(Collected data)
*** Block opens ***

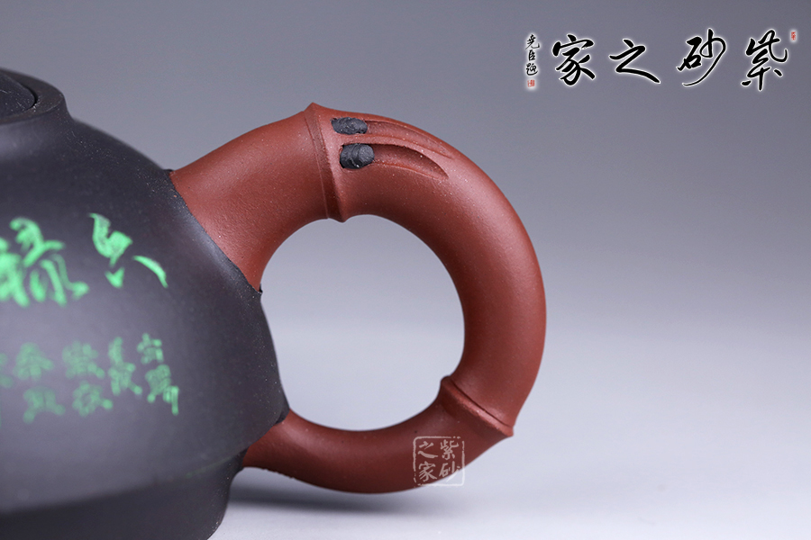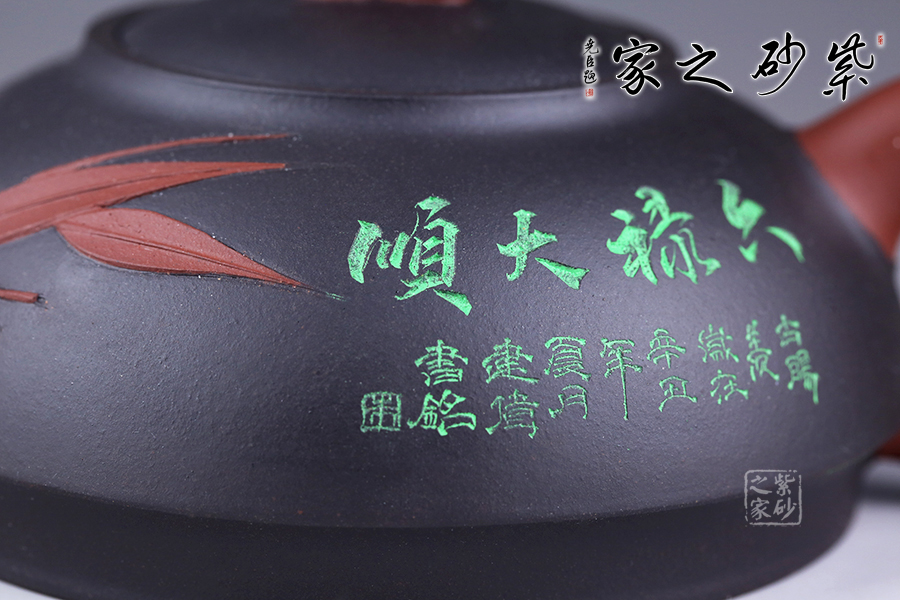 另外,壺身還采用了朱建偉老師精擅的雙色泥料特種工藝,壺身正面繪制的是“六祿大順”四個字,意蘊吉祥;壺身反面繪制的是“富貴福大順”五個字,更有招財、祈福之意,是精品中的精品。
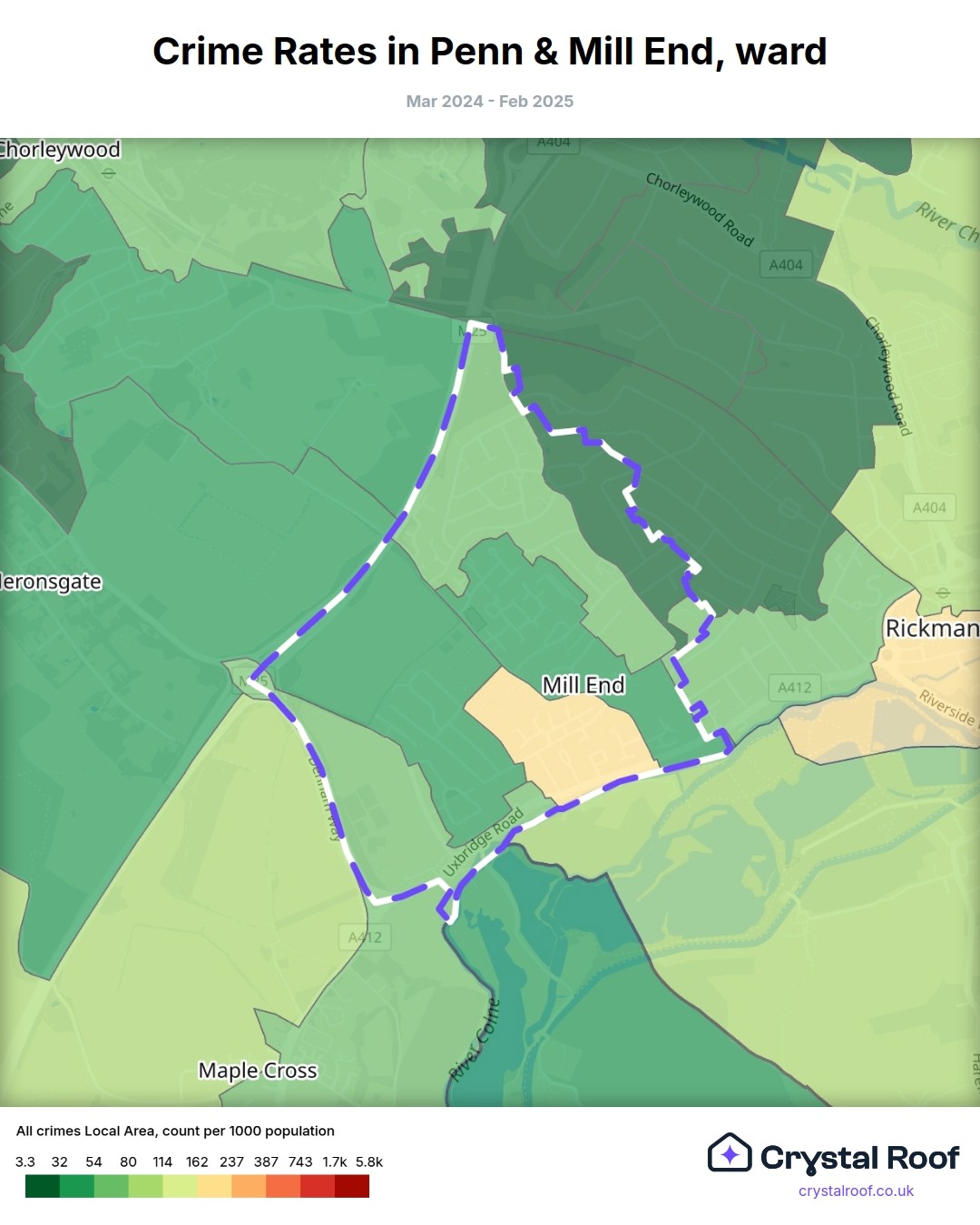 Penn & Mill End, (ward) includes areas with the following crime ratings (see map):
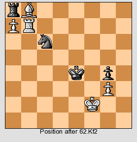 The game continued 37...Re8 38.a6 Ra8 39.a7 Nf6 40.Bb8 A sad position indeed for the Black Rook. But how is White to win? 40...Nd5 41.Rc1 Nb4 42.Rc4 Nd5 43.Rxc6 Kh7 44.Kf2 f6 45.Rc5 Nb4 46.Rxh5+ Kg6 47.Rb5 Nc6 48.Rb7 Kh5 49.Ke3 g6 50.Rb5+ Kg4 51.Rb7 g5 52.hxg5 fxg5 53.Kf2 Kh3 54.Kf3 Nd4+ 55.Ke3 Nc6 56.Kf2 Kg4 57.Kg2 Kf5 58.Kh3 g4+ 59.Kg2 Ke4 60.Kf1 Kf5 61.Ke2 Ke4 62.Kf2
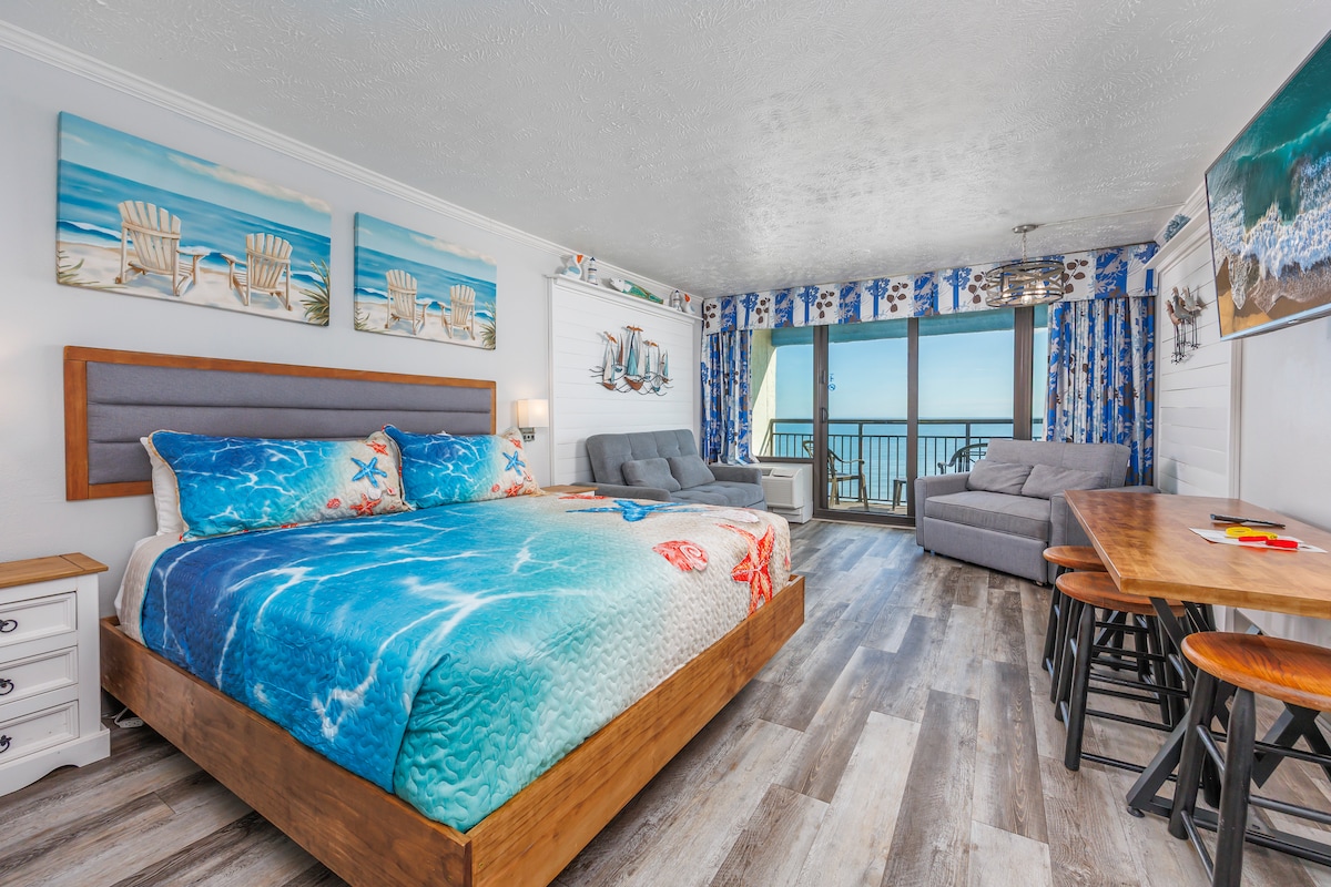 Lil' Salty is a remodeled oceanfront 1-bedroom condo (sleeps 4) at the pet-friendly Patricia Grand Resort. Enjoy resort amenities like heated pools, 4 hot tubs, a lazy river, and direct beach access. New mattress, sofa, and more added in Spring ‘24. Free parking for 2 vehicles. Just minutes from attractions, golf, and the airport. Enjoy amazing ocean views, plus a clean, updated space with extra touches like beach gear and pet-friendly amenities. Perfect for family fun or a romantic getaway.
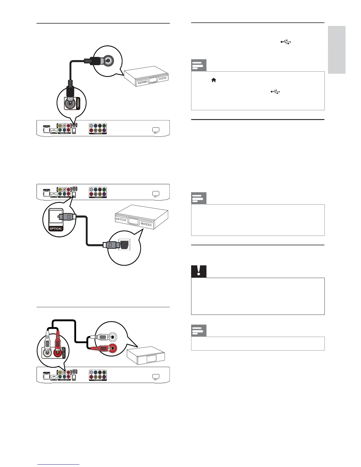 1 Connect an optical cable (not supplied) to:
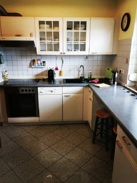 - Einbauküche mit Kaffeemaschine, Eierkocher, Tassimo, Spülmaschine, Mikrowelle, Toaster, Wasserkocher.

*** Block closes ***

**Task instructions:** Set every line of the records down again exactly, and exclude all pictures.

**Task response:**
 另外,壺身還采用了朱建偉老師精擅的雙色泥料特種工藝,壺身正面繪制的是“六祿大順”四個字,意蘊吉祥;壺身反面繪制的是“富貴福大順”五個字,更有招財、祈福之意,是精品中的精品。
 Penn & Mill End, (ward) includes areas with the following crime ratings (see map):
 The game continued 37...Re8 38.a6 Ra8 39.a7 Nf6 40.Bb8 A sad position indeed for the Black Rook. But how is White to win? 40...Nd5 41.Rc1 Nb4 42.Rc4 Nd5 43.Rxc6 Kh7 44.Kf2 f6 45.Rc5 Nb4 46.Rxh5+ Kg6 47.Rb5 Nc6 48.Rb7 Kh5 49.Ke3 g6 50.Rb5+ Kg4 51.Rb7 g5 52.hxg5 fxg5 53.Kf2 Kh3 54.Kf3 Nd4+ 55.Ke3 Nc6 56.Kf2 Kg4 57.Kg2 Kf5 58.Kh3 g4+ 59.Kg2 Ke4 60.Kf1 Kf5 61.Ke2 Ke4 62.Kf2
 Lil' Salty is a remodeled oceanfront 1-bedroom condo (sleeps 4) at the pet-friendly Patricia Grand Resort. Enjoy resort amenities like heated pools, 4 hot tubs, a lazy river, and direct beach access. New mattress, sofa, and more added in Spring ‘24. Free parking for 2 vehicles. Just minutes from attractions, golf, and the airport. Enjoy amazing ocean views, plus a clean, updated space with extra touches like beach gear and pet-friendly amenities. Perfect for family fun or a romantic getaway.
 1 Connect an optical cable (not supplied) to:
 - Einbauküche mit Kaffeemaschine, Eierkocher, Tassimo, Spülmaschine, Mikrowelle, Toaster, Wasserkocher.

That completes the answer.